Many thanks and cheers.
data want;
set have;
by type;
array _date(11712) _temporary_;
array _r(11712) _temporary_;
retain _date: _r: start;
if first.type then do;
call missing(of _date1-_date11712);
call missing(of _r1-_r11712);
start = 0;
end;
start = start+1;
_date[start]=date;
_r[start] = r;
if last.date then do;
do i = 1 to start;
if i > 1 then do;
if _r[i]*_r[i-1] <= 50 and (_r[i] > 100 or _r[i-1] > 100) then do;
r=.;
date = _date[i];
output;
end;
else do;
r=_r[i];
date = _date[i];
output;
end;
end;
else do;
r=_r[i];
date = _date[i];
output;
end;
end;
end;
run;
Sorry, it is my faults about the format and data:
- daily data from 1/1/1987 instead of 1/111987
- And the data is fixed as below (I changed the dates of companies 28829X)
Type Date R
131712 01JAN1987 .
131712 02JAN1987 .
131712 05JAN1987 .
131712 06JAN1987 .
131712 07JAN1987 .
.
.
131712 31DEC2019 67
28829X 01JAN1987 89.5
28829X 02JAN1987 89.7
28829X 05JAN1987 90.66
28829X 06JAN1987 91.34
.
.
From my point of view, I thought that I may set up a new column R_1 that equal to Ri.d-1* Ri,d, then I will set missing if R_1 is less than 50% and (Ri,d or Ri,d-1 less than 100%).
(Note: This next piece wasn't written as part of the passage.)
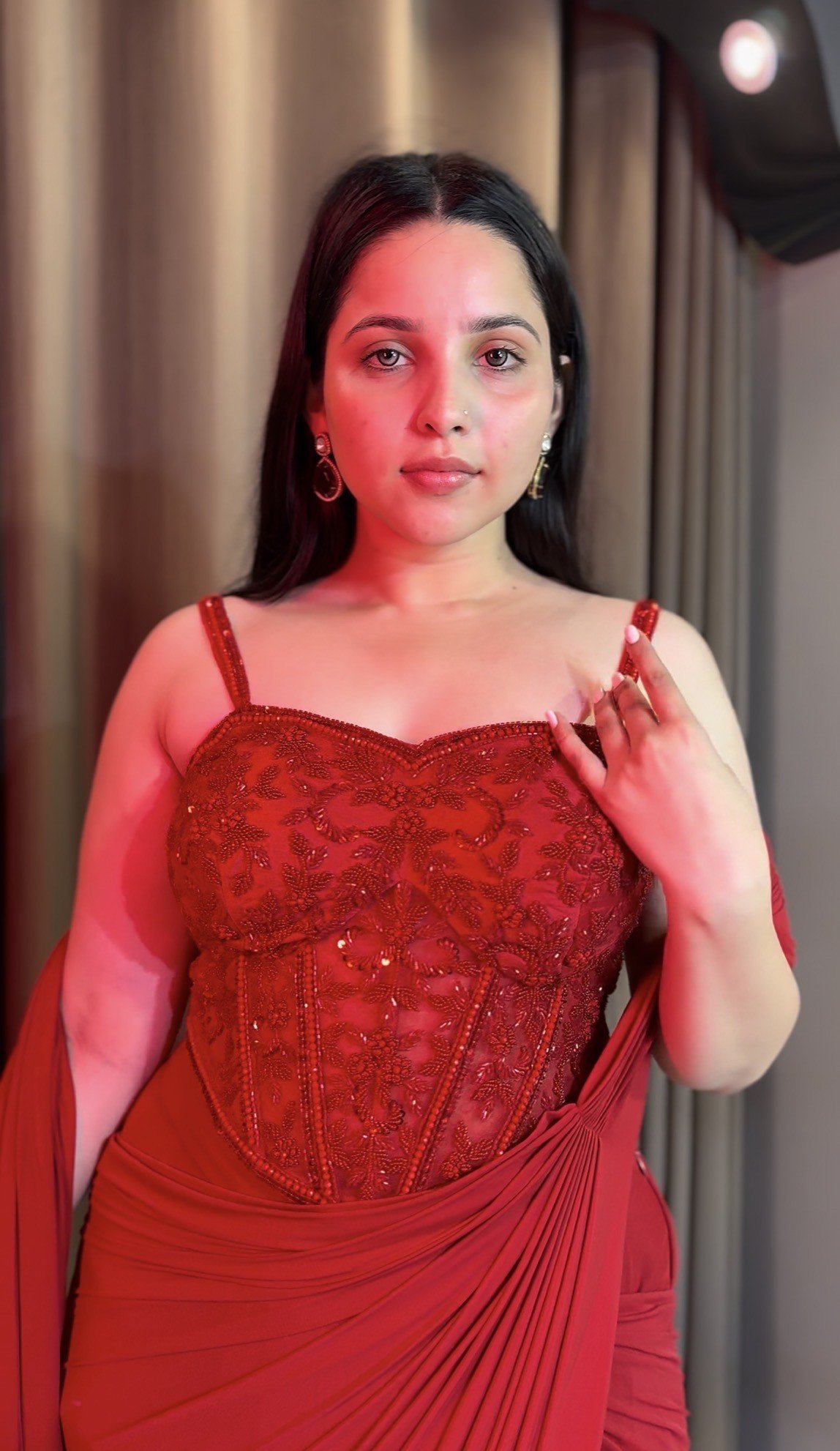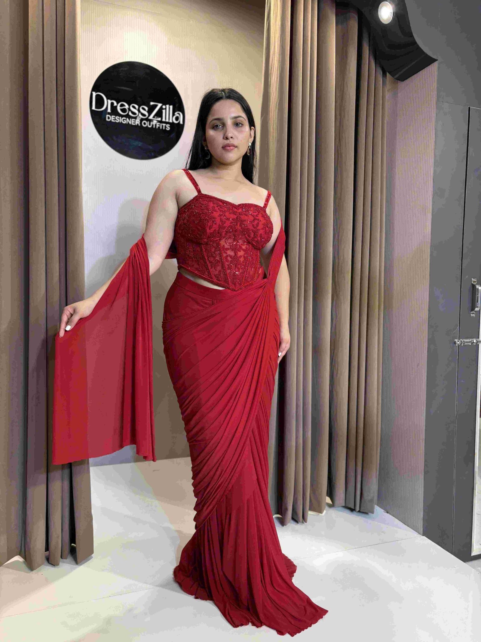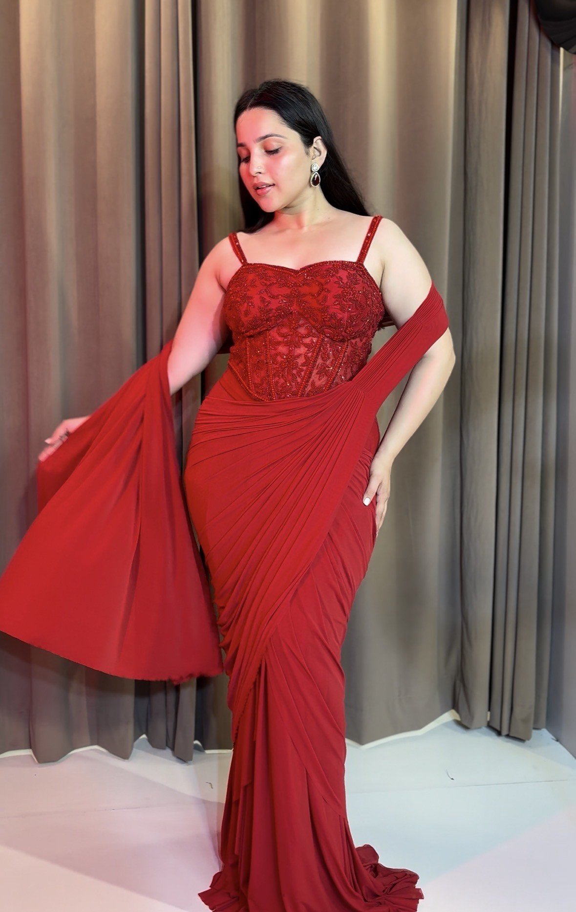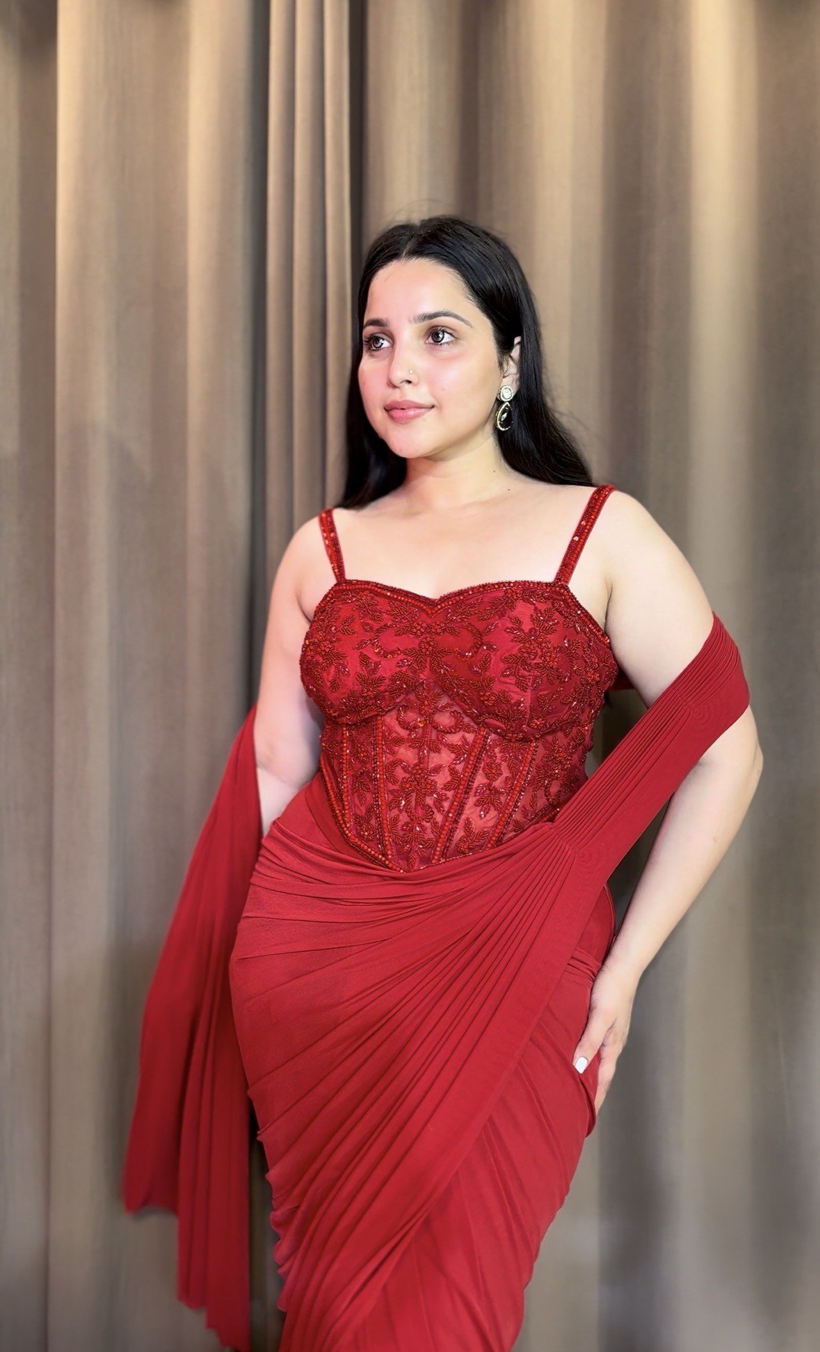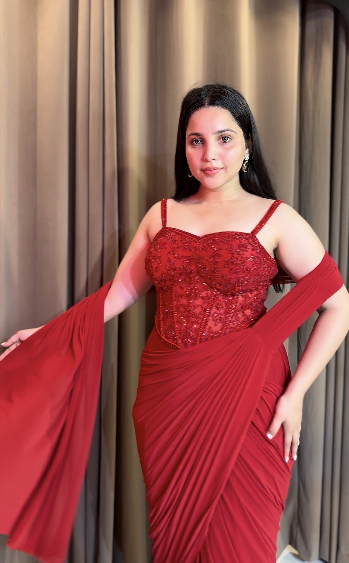 A radiant red drape woven in grace and modern allure.

Do you think this solution makes sense, and if it is the case, I am wondering if you can suggest me the codes to do so.
proc sort data=have;
by type date;
run;
data want;
set have;
by type;
array _date(32*366) _temporary_;
array _r(32*366) _temporary_;
retain _date: _r: start;
if first.type then do;
call missing(of _date:);
call missing(of _r:);
start = 0;
end;
start = start+1;
_date[start]=date;
_r[start] = r;
if last.date then do;
do i = 1 to start;
if i > 1 then do;
if _r[i]*_r[i-1] < 50 and (r[i] < 100 or r[i-1] <100) then do;
r=.;
date = date[i];
output;
end;
else do;
r=r[i];
date = date[i];
output;
end;
end;
else do;
r=r[i];
date = date[i];
output;
end;
end;
end;
run;
Hi @smantha , thank you very much for your help!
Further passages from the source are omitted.